The yard filled with milling horses and mules as the boys came outside, their entourage following them. Harley sidled away from the commotion and Thomas let him go. As they
dipped into the shadows thrown by the corner of the building, a lithe figure darted out and caught at the horse's nosepiece.
"Sir Thomas," Shankar hissed. "A word with you, please?''
The Mojavan ambassador looked more than a little rumpled. His shirttails hung out and there were creases as if he'd slept in his clothes. That did not surprise Thomas—Shankar had been extremely busy with Drakkar the past few weeks. Denethan's son was consumed with the desire to learn all he could about the Seven Counties, firsthand if necessary, and seemed to be in motion constantly. "What is it, Shankar?"
"I beg of you—a last minute addition to your party. The experience will be good for my charge—who, may I remind you, was sent to your fostering care, and who, I may also remind you, curries as much dislike as like—"

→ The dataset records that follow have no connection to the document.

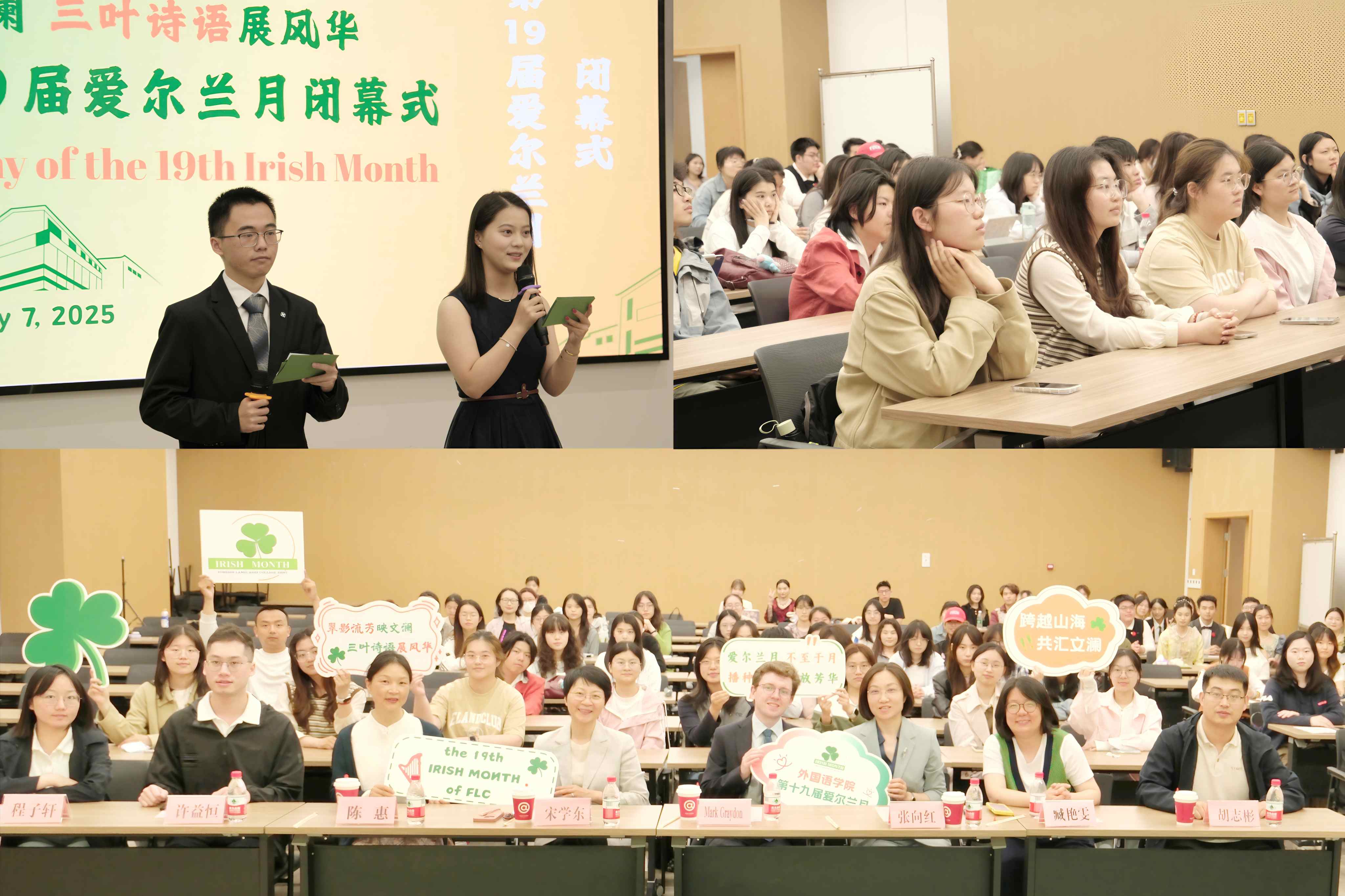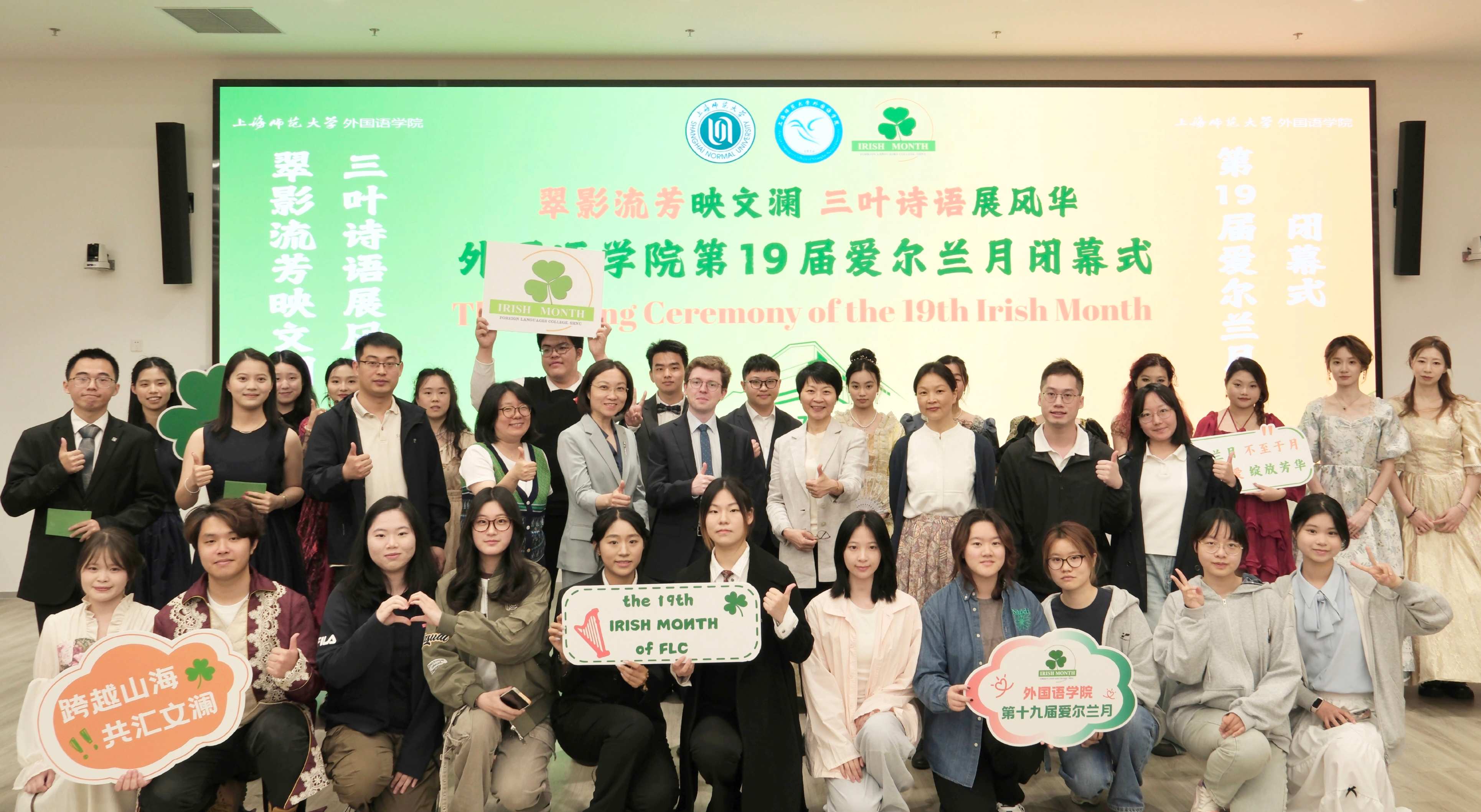 5月7日,以“翠影流芳映文瀾·三葉詩語展風華”為主題的外國語學院第十九屆愛爾蘭月在奉賢校區新大活B108圓滿收官。愛爾蘭駐滬副總領事Mark Graydon,校辦副主任張向紅,外國語學院黨委副書記、副院長臧艷雯,外國語學院副院長宋學東,愛爾蘭文學研究中心副教授陳惠,各年級輔導員以及學生代表出席活動。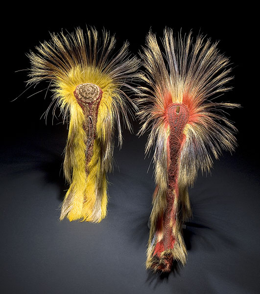 The Porcupine Hair Roach has been around for several centuries. As many ornamental wear had its place, the Porky Hair Roach was reserved for men who were warriors amongst almost all tribes. Before Porcupines were traded amongst all the people groups of the plains, plateau, prairie, lakes region, and woodlands, other hair was used. Turkey beard, horse hair, and even bear hair was used in the construction. Roaches were mounted on hair bases, mainly deer hair, which is a process of tying rows of deer hair together to form a base. Trimming this hair was done early on to achieve a neat effect. We see colors in the Porky Hair Roach fairly early as well. Every color that was being used to dye blankets, quills for quillwork, fabric, feathers, and other items was also used to dye deer hair for the construction of these roaches.
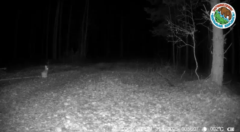 Фотоловушки заповедника "Большая Кокшага" подарили редкий кадр ночной жизни леса. В объектив попал заяц, осторожно выходящий на границу леса и поля. Он движется почти бесшумно, прислушивается к каждому шороху, а его глаза ловят даже слабый свет.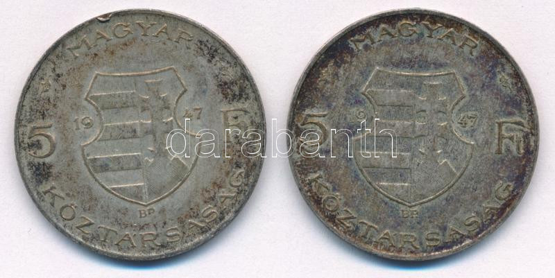 1947. 5Ft Ag ‘Kossuth’ (2x) T:2- patina Adamo F8.1<a href="https://www.darabanth.com/hu/gyorsarveres/436/kategoriak~Numizmatika/Magyar-es-magyar-verdejelu-fem-es-ezustpenzek~1500008/1947-5Ft-Ag-Kossuth-2x-T2-patina-Adamo-F81~II2828603/?utm_source=af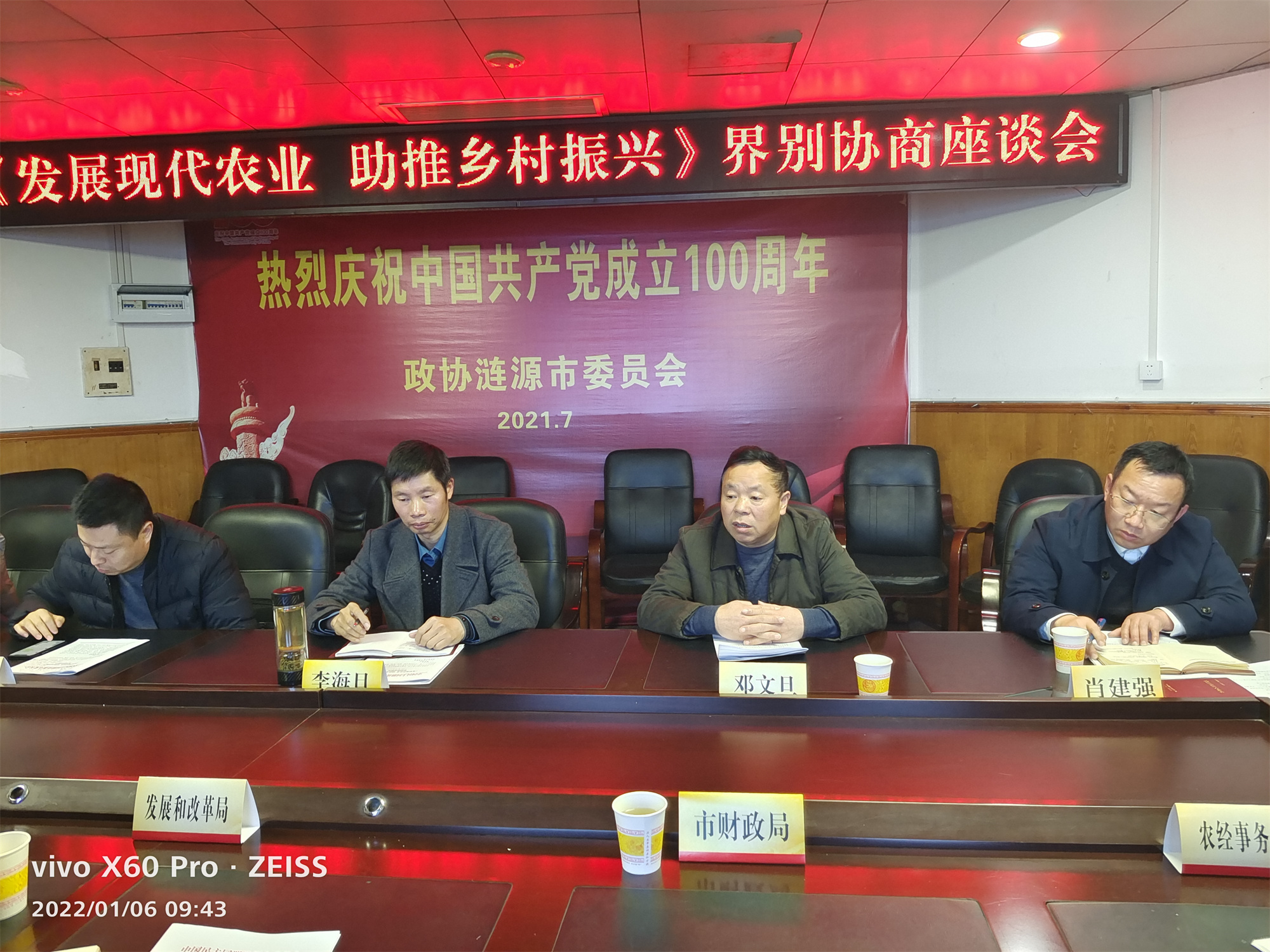 2022年1月6日,“發展現代農業 助推鄉村振興”界別協商座談會在漣源市政協會議室召開。二級調研員鄧文旦出席會議,漣源市政協副主席李海日出席并主持。漣源市農業農村局、鄉村振興局、市發改局、財政局、畜牧水產中心、農機事務中心、農經事務中心、商務糧食局、民盟界別調研組成員參加會議。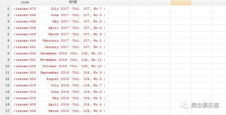 最重要的一步来了,我们根据每篇文章的链接抓取我们需要的期刊号,时间,作者,文章标题。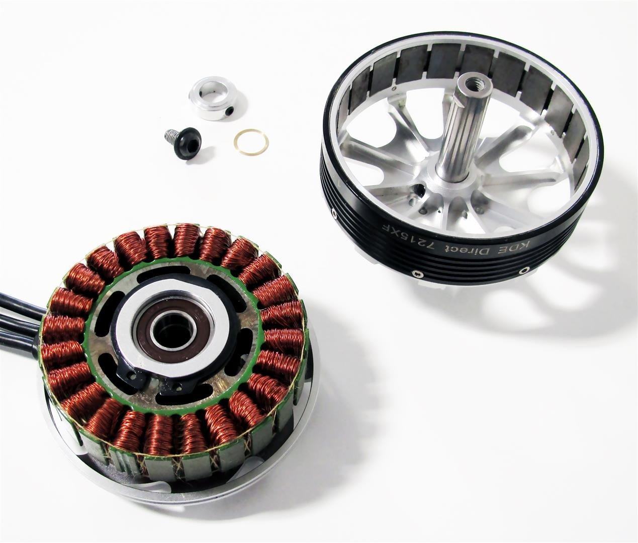 The new KDE Direct 7215XF-135 Multi-Rotor Brushless Motor is an extremely efficient and powerful motor for numerous multi-rotor and UAS heavy-lift applications, and was designed to bring high-quality and vibration-free motors to the market. The motors are designed with performance and durability in-mind, with features unseen in the current market: (1) high-grade, 200°C continuous high-temperature solid-core copper windings for failure-free operation in extreme-climates, (2) Japanese-built, 0.2 mm silicon-steel stator laminations and Kevlar tie-wraps for high-efficiency performance, and (3) triple-bearing supported, ABEC-7 bearings for maintenance-free and worry-free flying for hundreds of hours. These are just a few of the advantages built-in to these motors, and every detail of the motors was scrutinized to produce the absolute best available; for a wide-range of flight applications.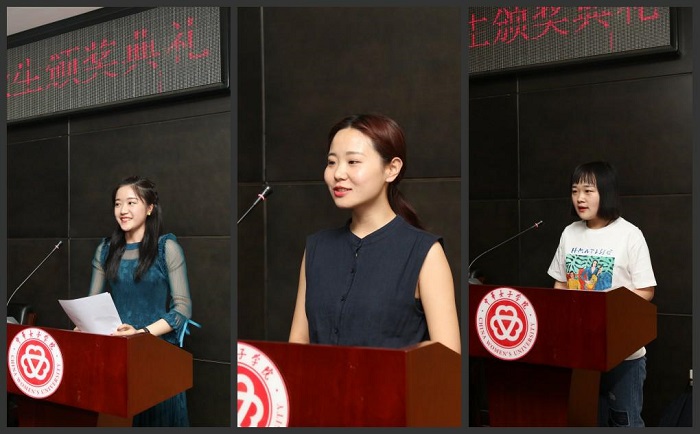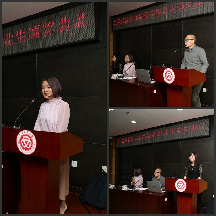 院长王露教授代表艺术学院致辞,向所有获奖的同学表示衷心的祝贺,希望同学们在今后的艺术道路上不断突破自我,在各自的专业领域里取得更大的成绩!来自服装专业的于季琦、来自环境专业的姜兰和来自视觉姜格三名学生分别代表毕业生发言,表达了对老师的感恩之情和对学校的恋恋不舍!艺术学院副书记刘洪玉老师宣读了2019届毕业生优秀获奖作品名单,对获奖同学表示祝贺也对全体毕业生提出期许和祝福,希望她们打响人生中的第二场战役—就业。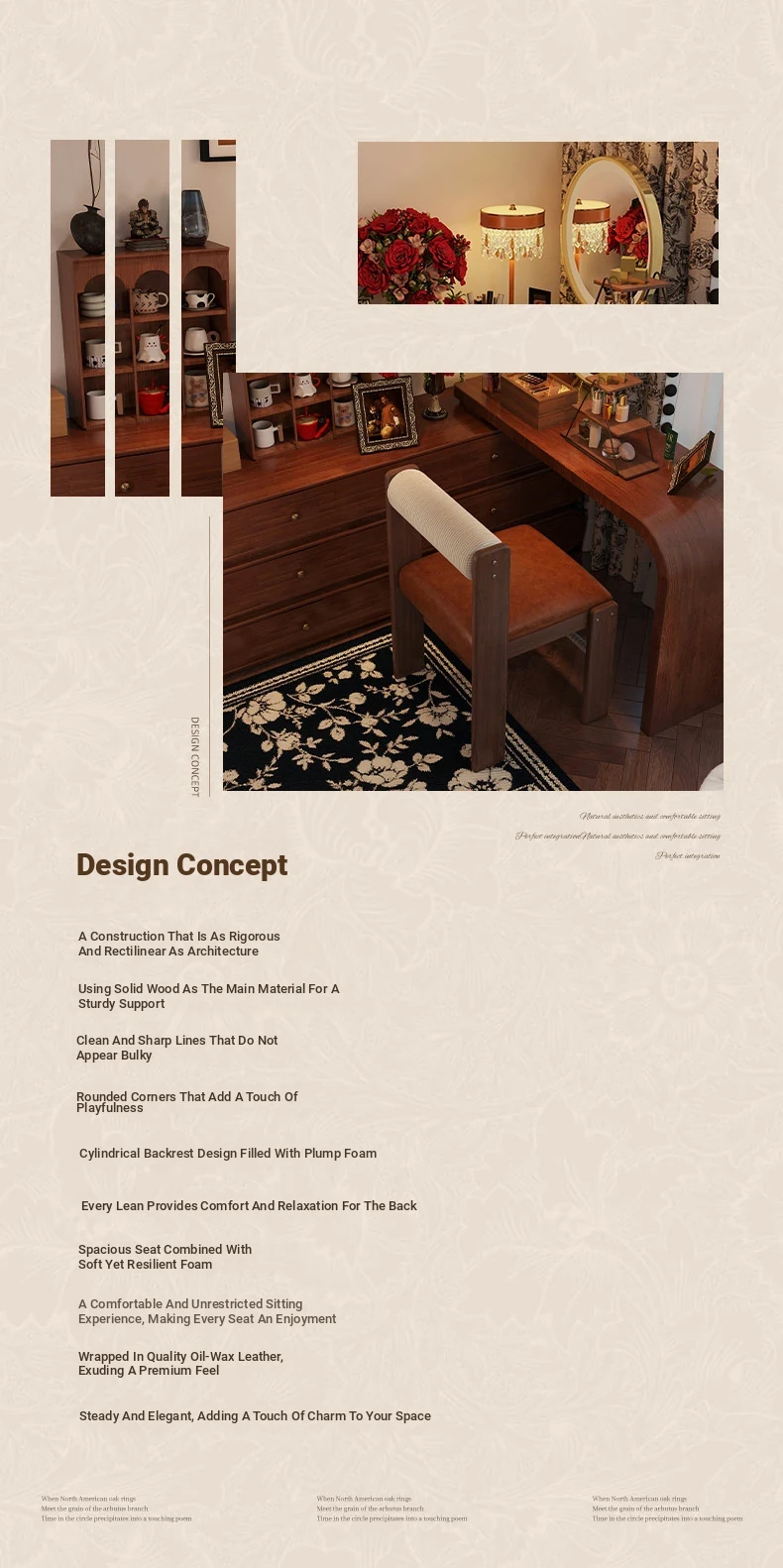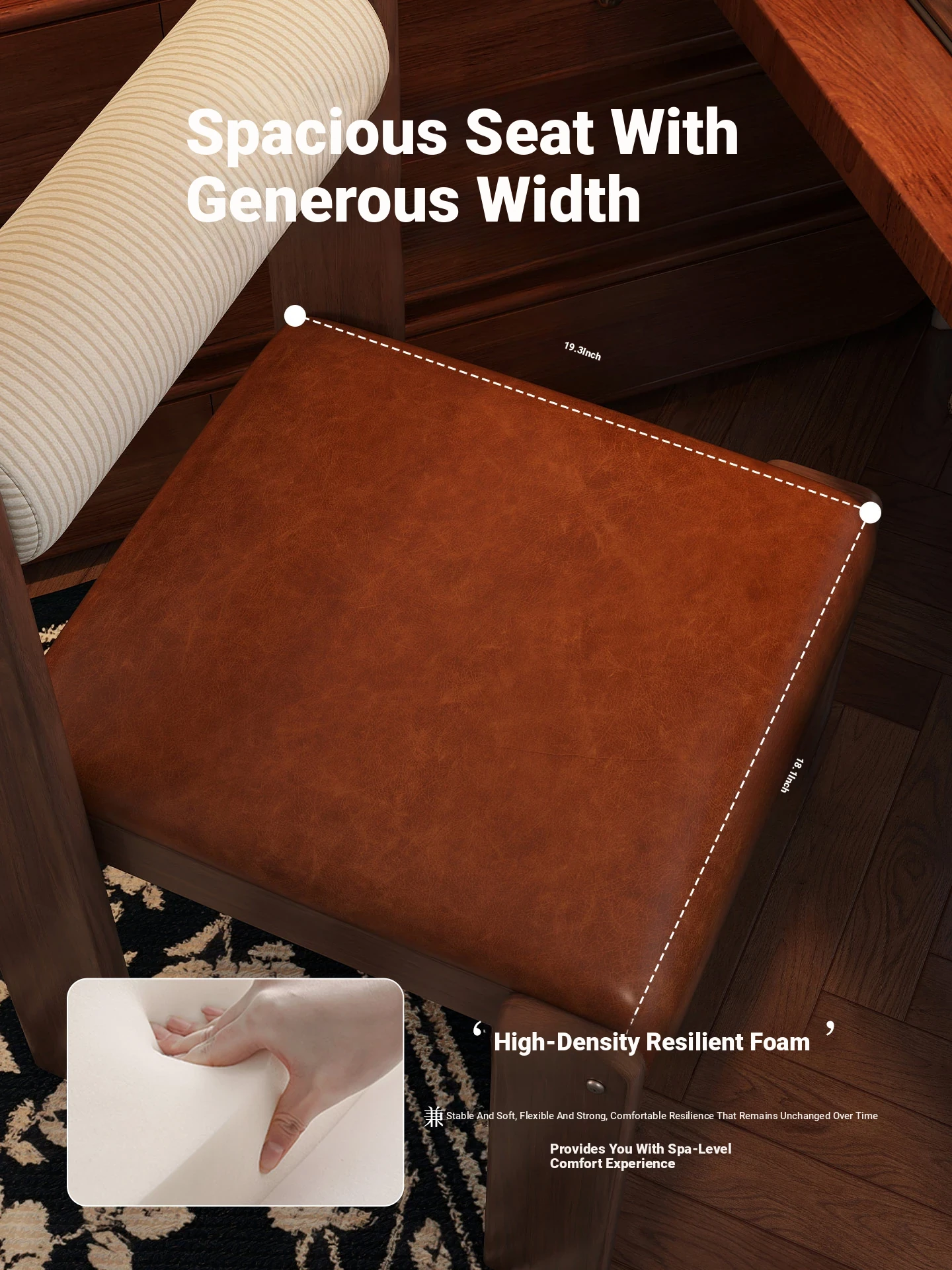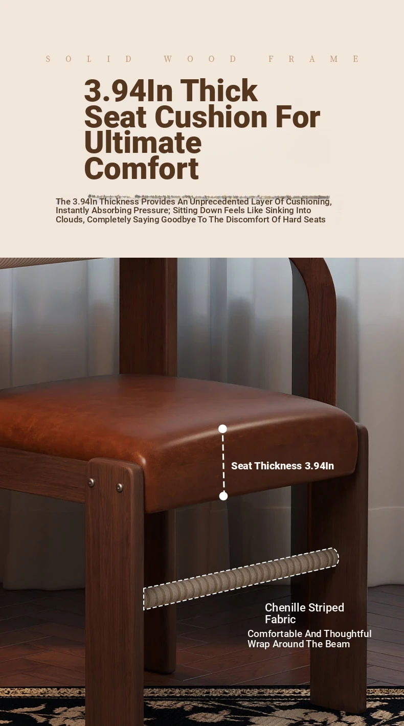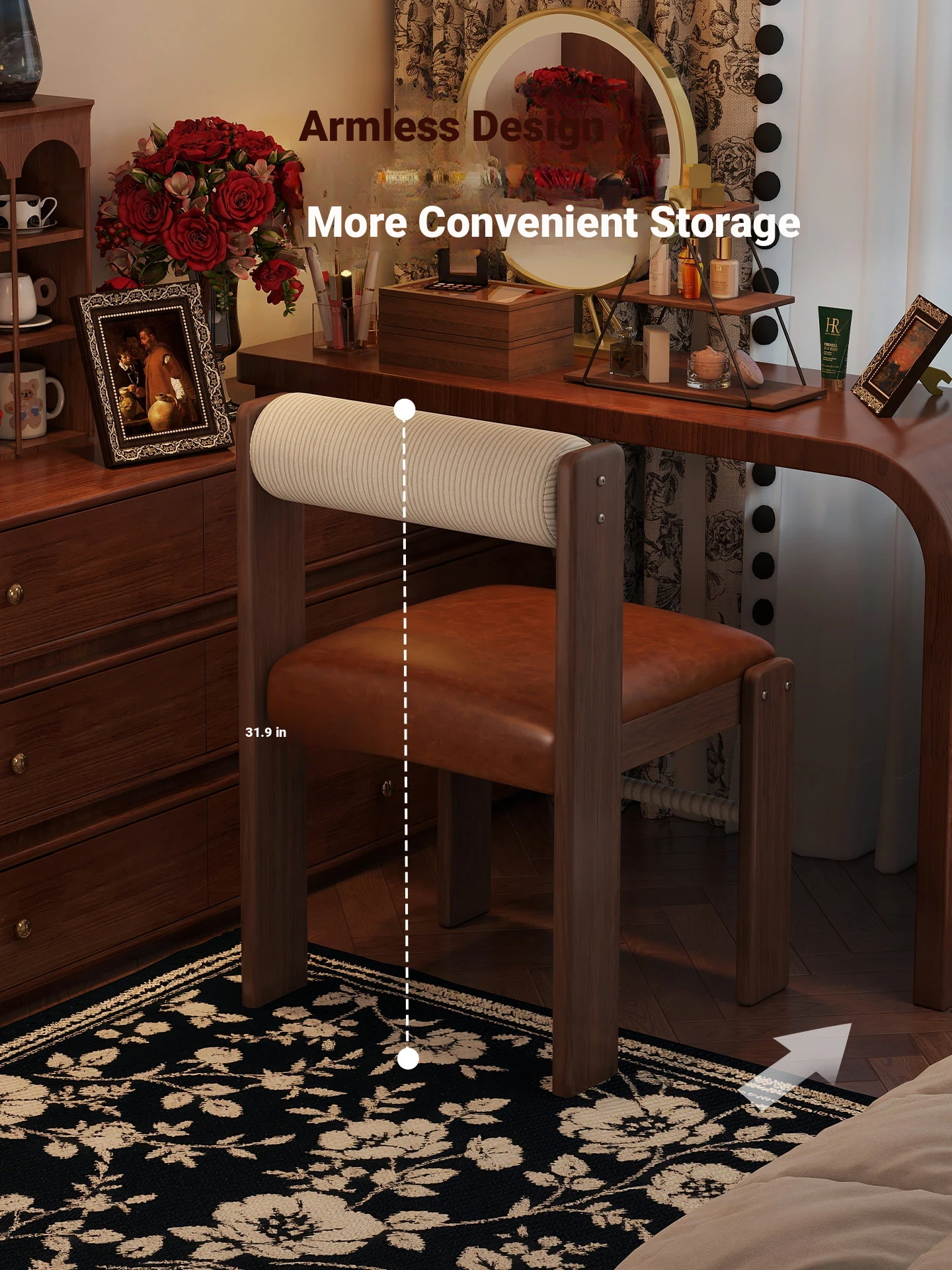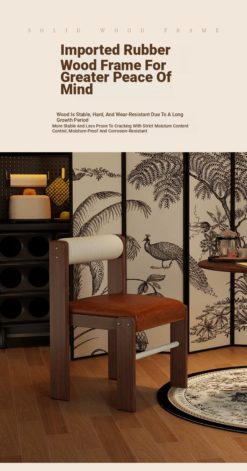 Wabi-Sabi Style Makeup Chair - Solid Wood Vanity Stool for Bedroom, French Vintage Dressing Table with Backrest, Soft Cushioned Dining Chair

"Shankar," the young man scolded as he rode forward out of the shadows, frowning slightly in the brightness of the daylight, "is that any way to ask for a favor? Sir Thomas, what he and I desire is that I be allowed to accompany your mapping expedition."
The surveyors had a two-year mission ahead of them.
Harley snorted at the Mojavan's blue-black horse and dodged aside as Thomas answered. "I doubt your father wants you in peril and out of touch for the next two years."
Drakkar's dark brow went up. His crest rustled as if stirring. "You misunderstand me. I don't want to join the mappers. I had in mind riding with you."
"To the Vaults?"
"And to the nester boundaries."
Thomas considered. Doubtless, Denethan was as concerned about the recent nester unrest as he was—and the boundaries of the territory. He would send spies regardless. Why not take advantage and keep Denethan's boy in sight where, hopefully, Thomas could also keep him under restraint? Nor could he afford to forget that Denethan had sent him for protection as well.
As if following Blade's train of thought, Shankar blurted, "And you will need to keep him away from his enemies as well."
"Old enemies or new ones?" Thomas asked dryly.